As an Asian in an international school, I’ve seen this type of subtle racism enacted every single day. When I work hard to achieve something and the results reflect my hard work, the response I most typically hear is “it’s because you’re Asian.” To hear that the hours I put into trying to be the best individual I could possibly be, coming home at 9PM after gymnastics to do homework late into the night and sleeping at insanely late hours or trying to balance Junior Achievement with community service, were not enough to gain recognition as Jasmine Chia and not simply another faceless slant-eyed member of the Asian ethnicity makes me truly wonder what it takes for an Asian to be represented in this world. My experience is something familiar to any other Asian who has had contact with the Western world:

Here is what I sometimes suspect my face signifies to other Americans: an invisible person, barely distinguishable from a mass of faces that resemble it. A conspicuous person standing apart from the crowd and yet devoid of any individuality. An icon of so much that the culture pretends to honor but that it in fact patronizes and exploits. Not just people “who are good at math” and play the violin, but a mass of stifled, repressed, abused, conformist quasi-robots who simply do not matter, socially or culturally. (source)
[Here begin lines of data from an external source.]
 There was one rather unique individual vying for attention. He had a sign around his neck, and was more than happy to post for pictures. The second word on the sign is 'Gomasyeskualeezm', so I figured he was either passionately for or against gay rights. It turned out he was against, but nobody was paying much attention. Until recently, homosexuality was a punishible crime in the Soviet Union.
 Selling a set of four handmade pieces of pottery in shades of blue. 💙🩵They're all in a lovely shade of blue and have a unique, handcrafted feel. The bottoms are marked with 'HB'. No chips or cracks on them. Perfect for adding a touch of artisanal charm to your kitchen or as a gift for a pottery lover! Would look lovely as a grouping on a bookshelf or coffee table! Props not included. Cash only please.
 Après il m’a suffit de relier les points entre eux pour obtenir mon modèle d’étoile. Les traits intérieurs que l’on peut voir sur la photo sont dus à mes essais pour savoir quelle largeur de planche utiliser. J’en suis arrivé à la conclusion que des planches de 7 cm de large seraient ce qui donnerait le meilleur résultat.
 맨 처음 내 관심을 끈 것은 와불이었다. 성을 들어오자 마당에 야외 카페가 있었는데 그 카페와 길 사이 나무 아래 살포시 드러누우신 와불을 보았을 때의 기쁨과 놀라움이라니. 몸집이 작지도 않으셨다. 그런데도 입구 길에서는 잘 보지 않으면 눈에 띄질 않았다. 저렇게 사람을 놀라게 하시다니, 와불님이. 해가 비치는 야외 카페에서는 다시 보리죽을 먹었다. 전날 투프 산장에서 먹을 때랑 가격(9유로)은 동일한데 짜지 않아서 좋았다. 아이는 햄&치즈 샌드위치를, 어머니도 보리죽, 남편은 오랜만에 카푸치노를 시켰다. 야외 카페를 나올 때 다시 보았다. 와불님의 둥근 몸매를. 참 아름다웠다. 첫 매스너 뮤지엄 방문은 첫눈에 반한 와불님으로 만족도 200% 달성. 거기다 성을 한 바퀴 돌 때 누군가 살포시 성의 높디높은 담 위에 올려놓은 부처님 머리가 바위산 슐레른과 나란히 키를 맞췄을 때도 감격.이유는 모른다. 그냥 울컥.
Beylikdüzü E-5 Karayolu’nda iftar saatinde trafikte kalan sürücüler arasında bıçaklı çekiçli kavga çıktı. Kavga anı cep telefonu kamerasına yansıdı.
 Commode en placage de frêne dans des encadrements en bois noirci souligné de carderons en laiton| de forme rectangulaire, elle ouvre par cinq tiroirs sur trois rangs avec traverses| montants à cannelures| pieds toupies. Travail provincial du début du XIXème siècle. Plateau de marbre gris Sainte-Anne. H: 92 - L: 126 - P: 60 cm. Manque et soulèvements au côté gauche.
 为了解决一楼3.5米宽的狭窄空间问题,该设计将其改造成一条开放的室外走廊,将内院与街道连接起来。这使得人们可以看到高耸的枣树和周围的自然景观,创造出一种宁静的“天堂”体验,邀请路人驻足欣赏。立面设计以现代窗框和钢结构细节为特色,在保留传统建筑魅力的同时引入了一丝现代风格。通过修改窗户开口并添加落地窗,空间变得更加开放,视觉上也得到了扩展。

Next time we ask for POC representation in media, don’t forget Asians. Next time we see a piece of Asian amazingness, whether it’s He Kexin on the beam or Doona Bae in Cloud Atlas, take the time to humanize them instead of thinking of them simply as representatives of the Chinese gymnastics industry or the rising Korean wave of actors. When an Asian person is genuinely good at music, recognize that they worked hard for it. When an Asian chess prodigy wins the world championship, learn their name and not just the country they come from. Don’t pretend to get angry on behalf of geishas at cultural appropriation if you don’t stand up for the fact that cultural appropriation is the only form of recognition we get in mainstream media.